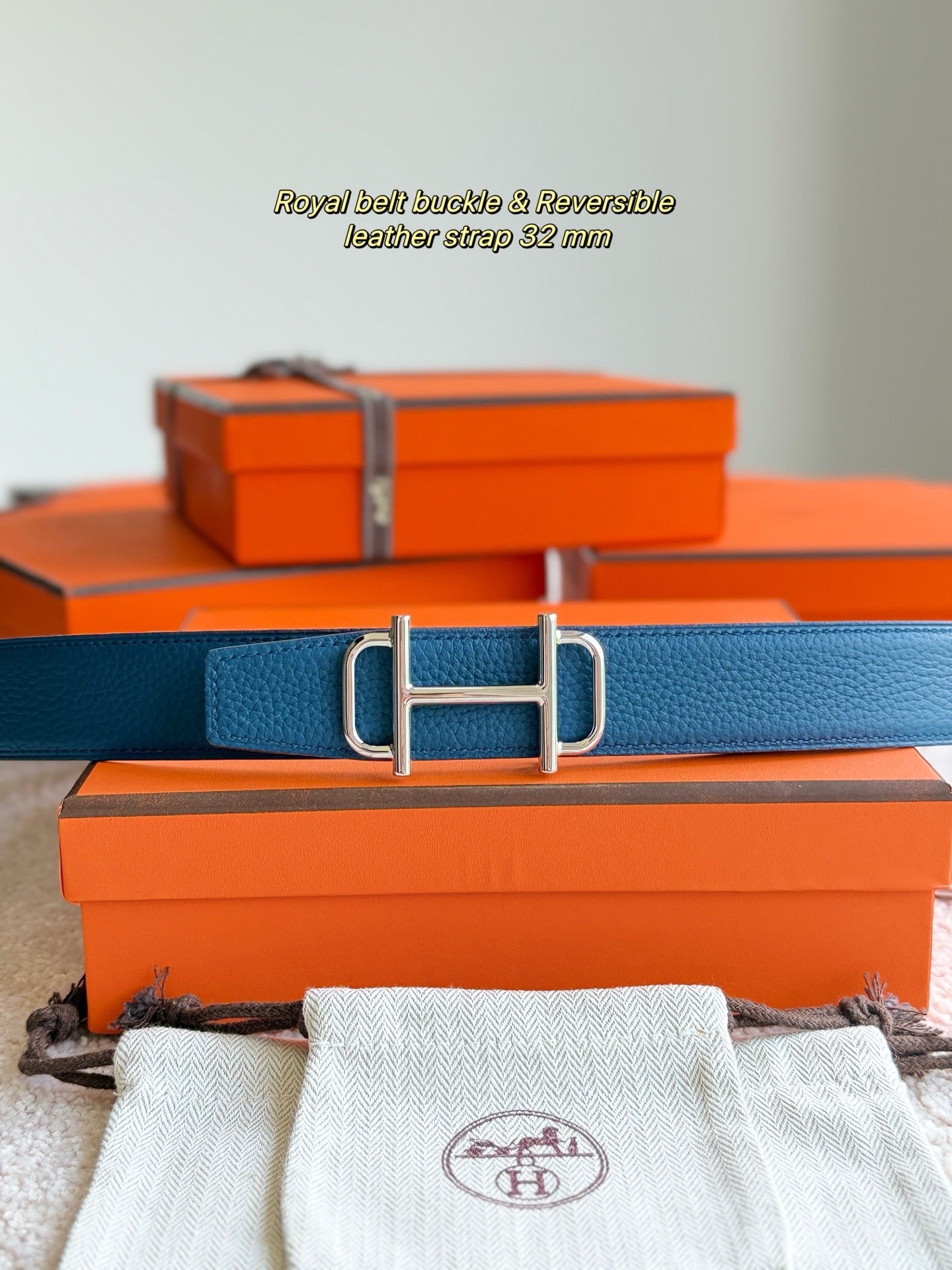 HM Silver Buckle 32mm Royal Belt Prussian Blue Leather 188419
---
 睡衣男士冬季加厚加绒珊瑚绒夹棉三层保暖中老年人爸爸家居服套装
...
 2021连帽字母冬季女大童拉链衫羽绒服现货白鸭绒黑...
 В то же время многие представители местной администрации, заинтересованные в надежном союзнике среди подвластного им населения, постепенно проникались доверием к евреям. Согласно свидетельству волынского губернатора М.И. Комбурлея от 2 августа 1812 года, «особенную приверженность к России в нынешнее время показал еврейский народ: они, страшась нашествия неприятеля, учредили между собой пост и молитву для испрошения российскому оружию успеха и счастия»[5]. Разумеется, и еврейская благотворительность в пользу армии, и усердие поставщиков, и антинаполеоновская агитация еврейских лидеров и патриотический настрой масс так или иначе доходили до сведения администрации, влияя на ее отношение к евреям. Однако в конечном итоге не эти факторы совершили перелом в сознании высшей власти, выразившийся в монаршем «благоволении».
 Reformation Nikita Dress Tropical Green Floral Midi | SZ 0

### What the task asks:
Out of the data above, give again only the lines starting at the one holding "В то же время" and ending at the one holding "Reformation Nikita Dress", unchanged.

### Written solution:
 В то же время многие представители местной администрации, заинтересованные в надежном союзнике среди подвластного им населения, постепенно проникались доверием к евреям. Согласно свидетельству волынского губернатора М.И. Комбурлея от 2 августа 1812 года, «особенную приверженность к России в нынешнее время показал еврейский народ: они, страшась нашествия неприятеля, учредили между собой пост и молитву для испрошения российскому оружию успеха и счастия»[5]. Разумеется, и еврейская благотворительность в пользу армии, и усердие поставщиков, и антинаполеоновская агитация еврейских лидеров и патриотический настрой масс так или иначе доходили до сведения администрации, влияя на ее отношение к евреям. Однако в конечном итоге не эти факторы совершили перелом в сознании высшей власти, выразившийся в монаршем «благоволении».
 Reformation Nikita Dress Tropical Green Floral Midi | SZ 0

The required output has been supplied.